Historical Background
The concept of intravenous anaesthesia dates to 1656, when Christopher Wren administered opium intravenously via a quill. Modern TIVA became practical only with the introduction of propofol in the 1980s and the development of target-controlled infusion (TCI) systems. Kruger-Thiemer first described the theoretical framework for achieving steady-state blood concentrations using multi-compartment pharmacokinetic models, later clinically implemented by Schwilden and colleagues. The bolus-elimination-transfer (BET) scheme became the cornerstone of TCI design.
Components of TIVA
| Component | Drug(s) |
|---|
| Hypnotic | Propofol (most common), Ketamine, Midazolam, Etomidate |
| Opioid/Analgesic | Remifentanil (preferred), Fentanyl, Sufentanil, Alfentanil |
| Muscle Relaxant | Vecuronium, Rocuronium, Cisatracurium |
The propofol + remifentanil combination is the gold standard TIVA regimen due to their complementary pharmacokinetics.

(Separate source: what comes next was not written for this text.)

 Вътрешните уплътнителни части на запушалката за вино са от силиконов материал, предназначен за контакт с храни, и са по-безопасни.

Pharmacokinetics of Key Drugs
Propofol
Propofol (2,6-di-isopropyl phenol) is the cornerstone of TIVA.
Distribution:
- Highly lipophilic; rapid redistribution after bolus
- Three-compartment pharmacokinetic model
- Initial distribution half-life: 2-8 minutes
- Slow distribution half-life: 30-70 minutes
- Elimination half-life: 4-23.5 hours
- Volume of distribution at steady state: 150-700 L
- Central compartment volume: 6-40 L (smaller in elderly due to reduced cardiac output)
Metabolism:
- Clearance: 1.5-2.2 L/min (exceeds hepatic blood flow)

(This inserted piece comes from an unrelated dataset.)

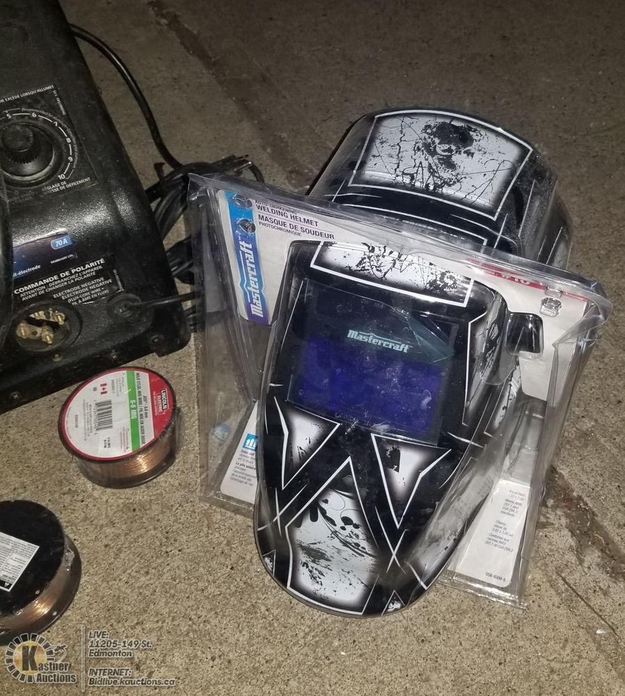 WELDING HELMET, NEW IN BOX AND 2 NEW ROLLS OF 0.25 LINCOLN MIG WIRE.(MINI'S) . TOOLS

- Hepatic oxidation to 1,4-diisopropyl quinol, followed by glucuronide conjugation
- Extrahepatic metabolism confirmed (kidney accounts for ~30% of clearance; lungs contribute 20-30% first-pass)
- Propofol inhibits CYP3A4 (even at 3 mcg/mL, reduces CYP3A4 activity by ~37%)

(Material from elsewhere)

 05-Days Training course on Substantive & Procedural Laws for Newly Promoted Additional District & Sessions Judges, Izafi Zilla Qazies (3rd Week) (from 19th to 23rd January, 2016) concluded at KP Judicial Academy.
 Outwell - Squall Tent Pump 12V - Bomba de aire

Context-Sensitive Half-Time (CSHT):
- For infusions up to 8 hours, CSHT remains <40 minutes
- Since the required decrease in concentration for awakening is <50%, recovery remains rapid even after prolonged infusion - this makes propofol ideal for TIVA
Simulation of propofol-remifentanil interaction at skin incision and time to recovery (Miller's Anesthesia, 10e)
Remifentanil
- Ultra-short-acting synthetic mu-opioid agonist
- Ester hydrolysis by nonspecific plasma and tissue esterases (independent of hepatic/renal function)
- Context-sensitive half-time: 3-5 minutes (does NOT increase with infusion duration)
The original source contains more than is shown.